Bullock pled not guilty to the indecent assault charge. During opening statements, the military prosecutor told the court, “This is a case about a soldier who took what began as an innocent, consensual encounter and pushed it far beyond what the military can accept as reasonable.”
Bullock was convicted on both charges and was sentenced to a bad conduct discharge, six months confinement, forfeiture of all pay and allowances and reduction in rank to Private E1. A conviction of this type results in automatic review by a higher court.
The court decided that the consensual oral sex was “squarely within the liberty interest recognized” in Lawrence v. Texas, the U.S. Supreme Court’s 2003 decision striking down the Texas sodomy law.
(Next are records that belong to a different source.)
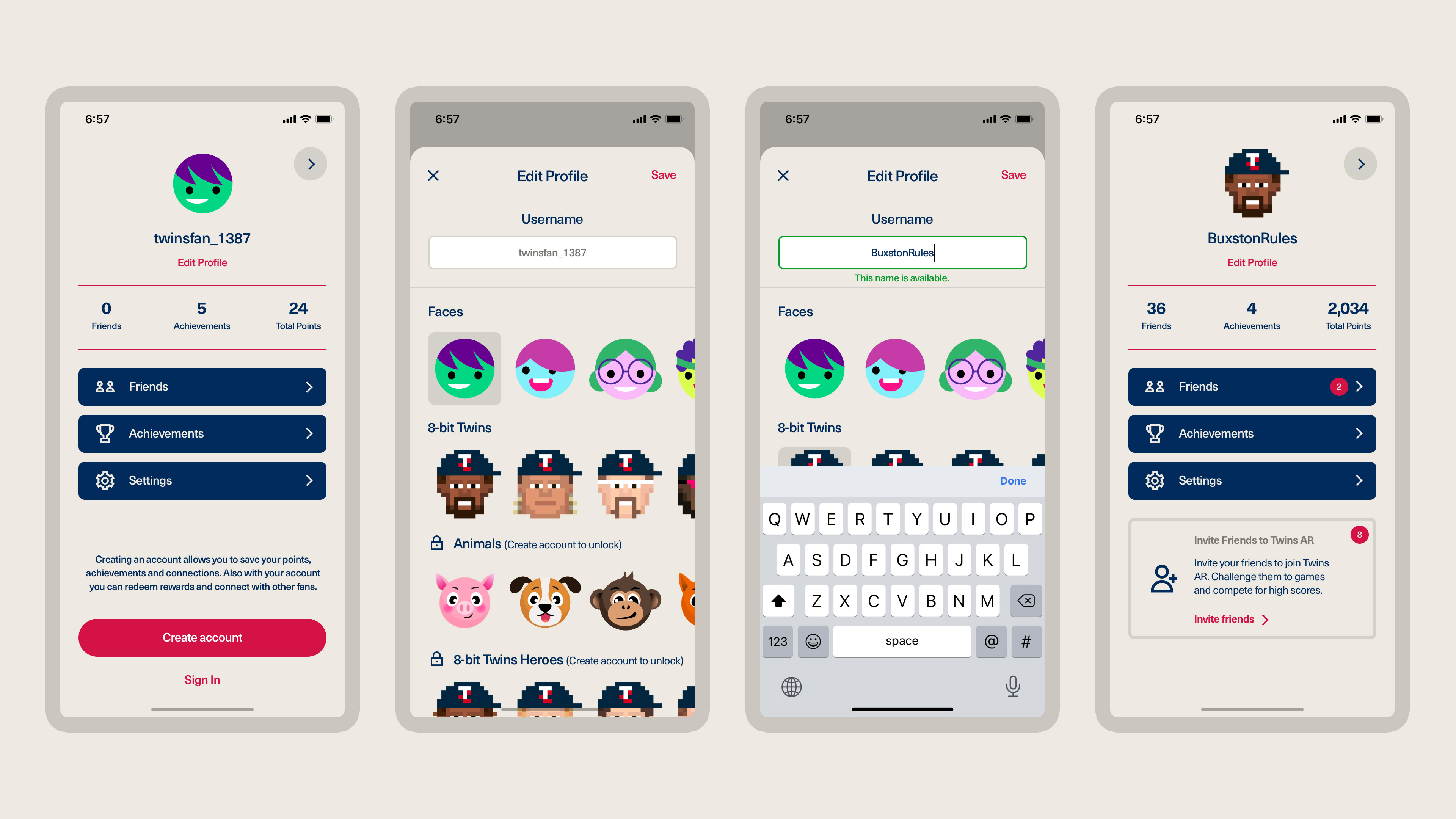 When you first open the app you are assigned a username and avatar. The default avatars are cartoon-ish faces in bright colors. You can select any of the faces or select one of the 8-bit Twins player faces. If you create an account, you have access to more avatars like animal faces or unlocking former Twin heroes.
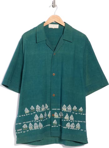 Embroidered sailboats float across this relaxed-fit camp shirt crafted from pure cotton to keep you looking cool on sunny days.
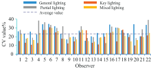 在心理物理实验中, 数据是通过人的感受得到的, 可能存在不稳定性, 需要分析观察者之间数据的稳定性。 本文采用差异系数(coefficient of variation, CV)来比较观察者之间的数据稳定性[8]。 经计算后核实, 见图3中CV数据均在心理物理实验CV的正常范围内, 平均值为27.04%, 最大数据为39.20%, 因此22位观察者的视觉数据是可靠的, 均可作为实验的有效数据[9]。
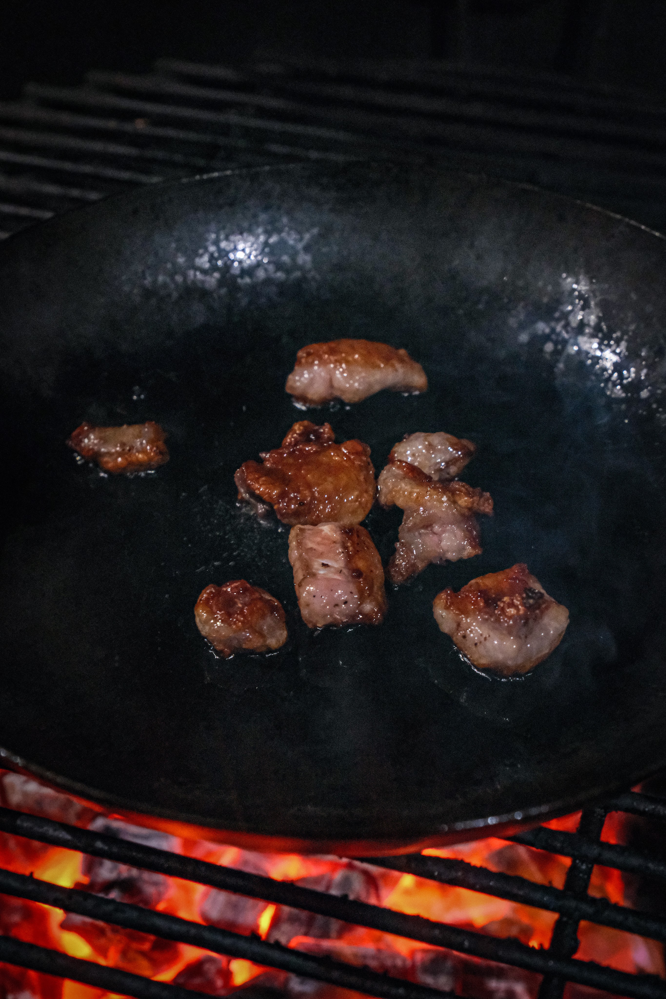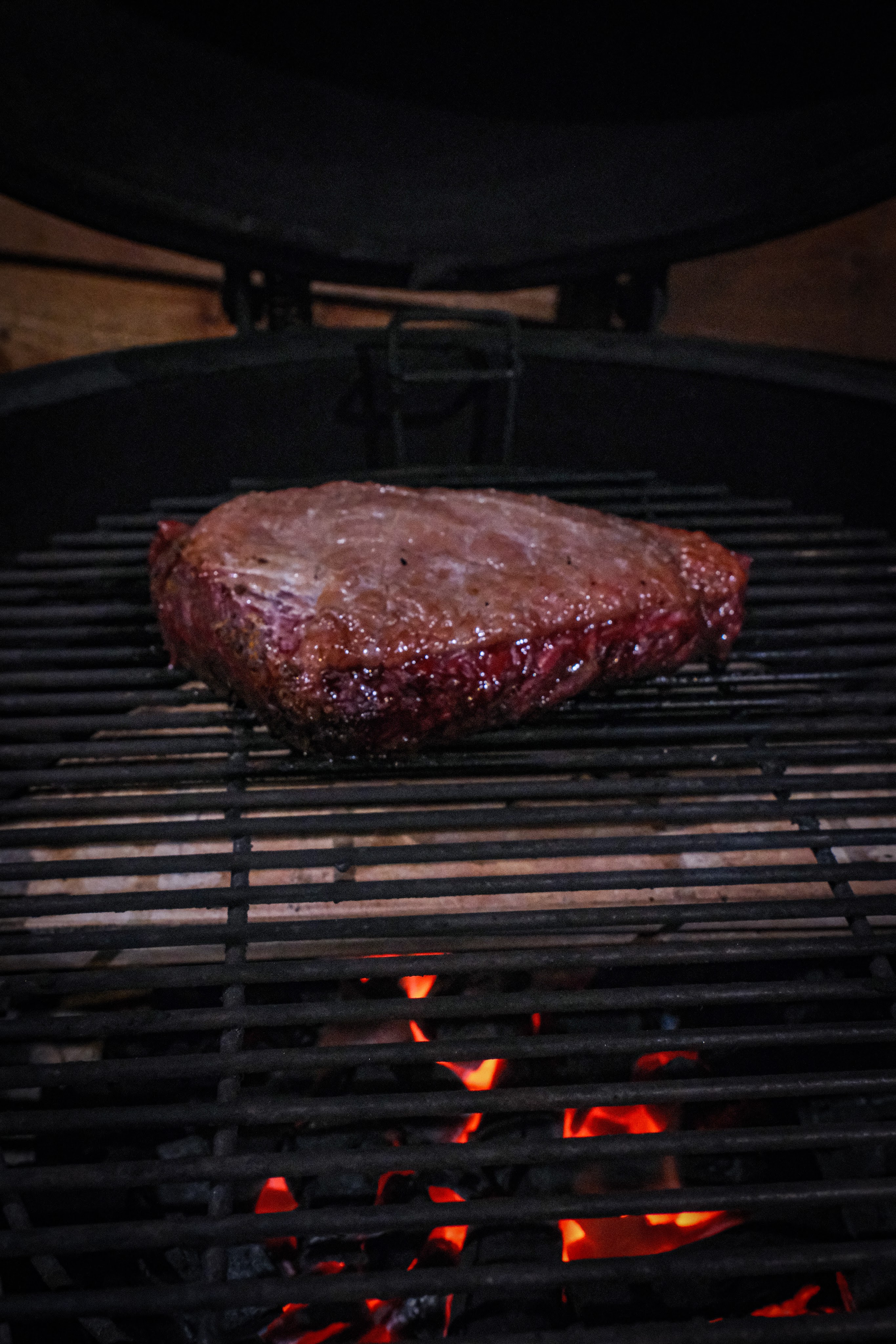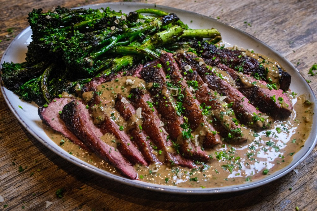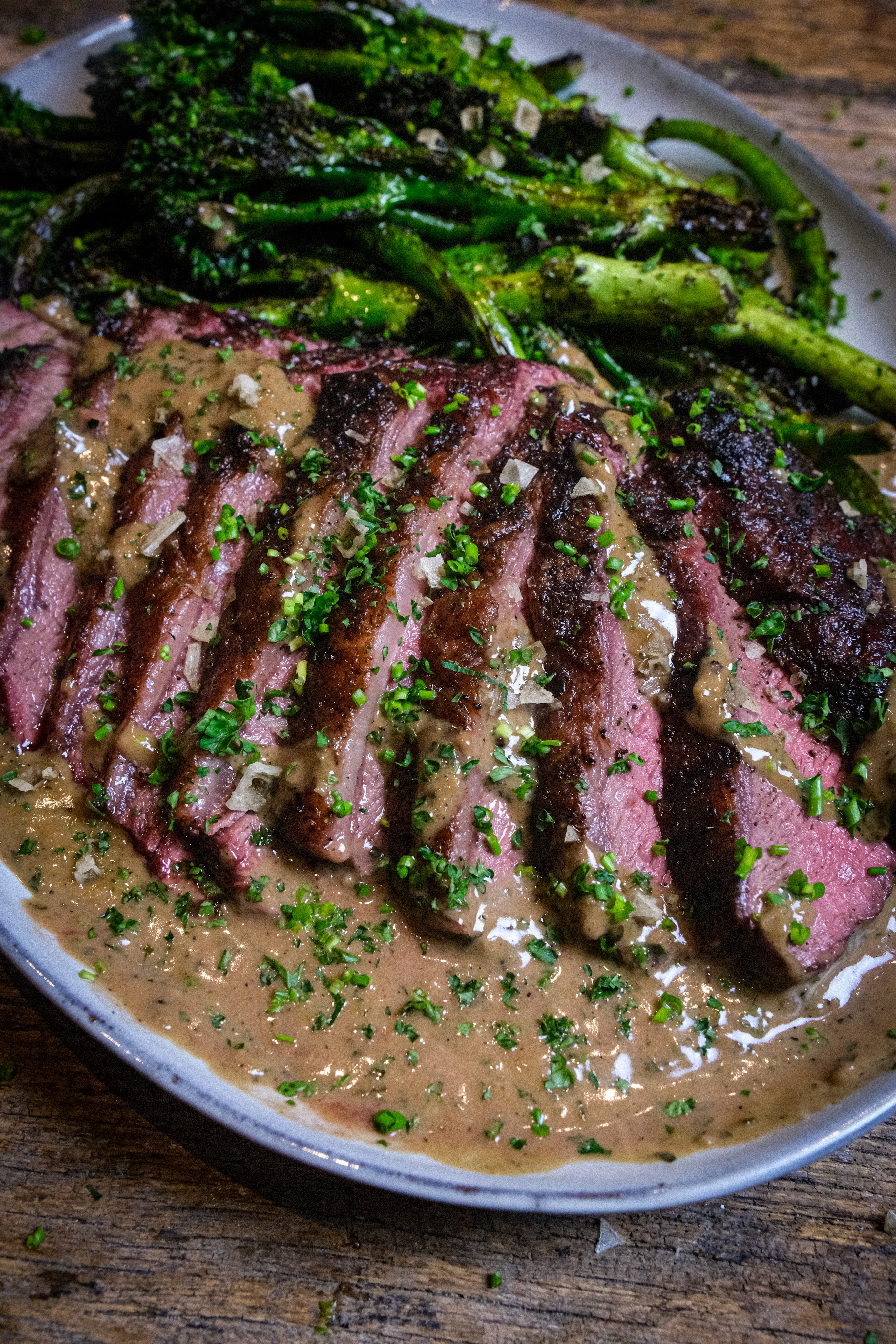 Heerlijke reverse sear picanha met een mooi saus van cognas en mosterd samen met gegerilde bimi.
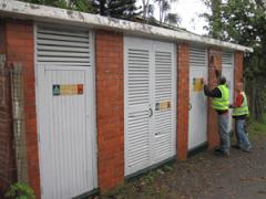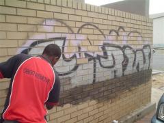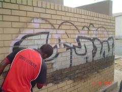 Graffiti Tags being removed from face brick by G.R.S
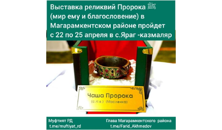 Выставка священных реликвий Посланника Аллаhа — нашего Пророка Мухаммада ( мир ему и благословение) в этот благословенный месяц Рамадан будет проходить 4 дня в с.Яраг-Казмаляр Магарамкентского района Республики Дагестан. Об этом сообщили в пресс-службе МКУ «Информационный центр» Магарамкентского района.
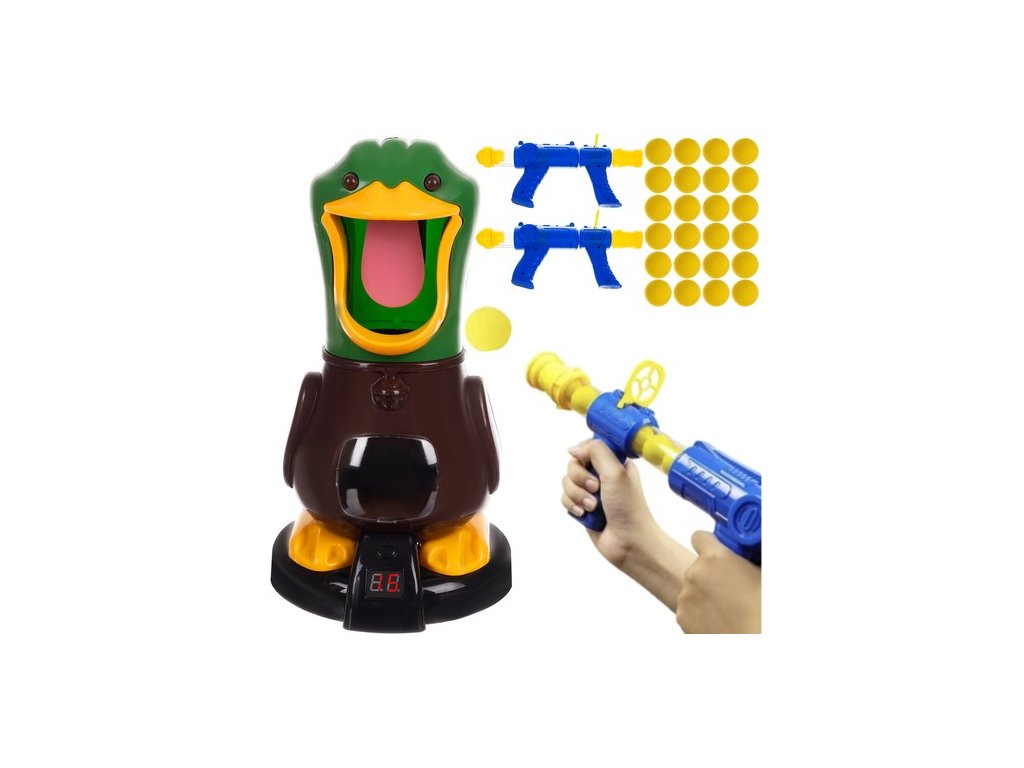 Fantastická arkádová hra se střelbou na terč je dokonalou hračkou pro milovníky míčových zbraní. Sada obsahuje: kachnu, 2 kulové pistole a 24 kuliček.
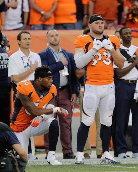 Most of the players, like Kaepernick and Marshall, have kneeled while the anthem played. Others have stayed standing with their fists raised in a "black power" salute. Others still have made the less ideologically coherent gesture of linking arms during the song.
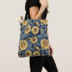 Faça o seu compro em estilo com este bolsa inspirado no movimento Art Nouveau, que apresenta girassóis estilizados num fundo azul marinho.

The court emphasized that this was “a consensual encounter between two adults in the privacy of a barracks room” and did not involve any of the aggravating factors that would have taken it outside the strict boundaries of protected liberty as described in Lawrence. It did not involve a minor, public conduct or prostitution, or the abuse of a vulnerable person. The court particularly emphasized that the other participant was a civilian, so the case did not involve sex between servicemembers of different ranks, which was considered unprotected in two prior military appeals cases that have arisen since Lawrence was decided.
The government argued that this was not strictly private because it happened in a military barracks in the “presence” of Bullock’s roommate. However, Bullock’s testimony at his court martial made no mention of his roommate being present, and the court was evidently unwilling to treat a military barracks room as a “public place” for purposes of this case.
The court upheld Bullock’s conviction on the indecent assault charge, however, and reaffirmed much of his sentence, making a small reduction in prison time and financial penalties to reflect the reversal of the consensual sodomy conviction.
It is unclear what this case would mean if Bullock’s consensual sex in the barracks had been with a man rather than a woman. Even if the Army’s criminal appeals court were to find such conduct protected by the Constitution, that would not settle the question whether Bullock would be subject to discharge for “homosexual conduct” under the “Don’t Ask, Don’t Tell” policy. However, one can speculate that were a gay military member caught in this situation, the reasoning of the decision in Bullock’s case would suggest that in the absence of aggravating factors, any discharge should not be classified as “bad conduct.”
Ultimately, other lawsuits, including the one recently filed by the Servicemembers Legal Defense Network in Boston, will determinate whether the “Don’t Ask, Don’t Tell” policy is itself unconstitutional in light of Lawrence v. Texas. But the acknowledgement in the Bullock case that Lawrence serves as precedent in military law is significant and welcome.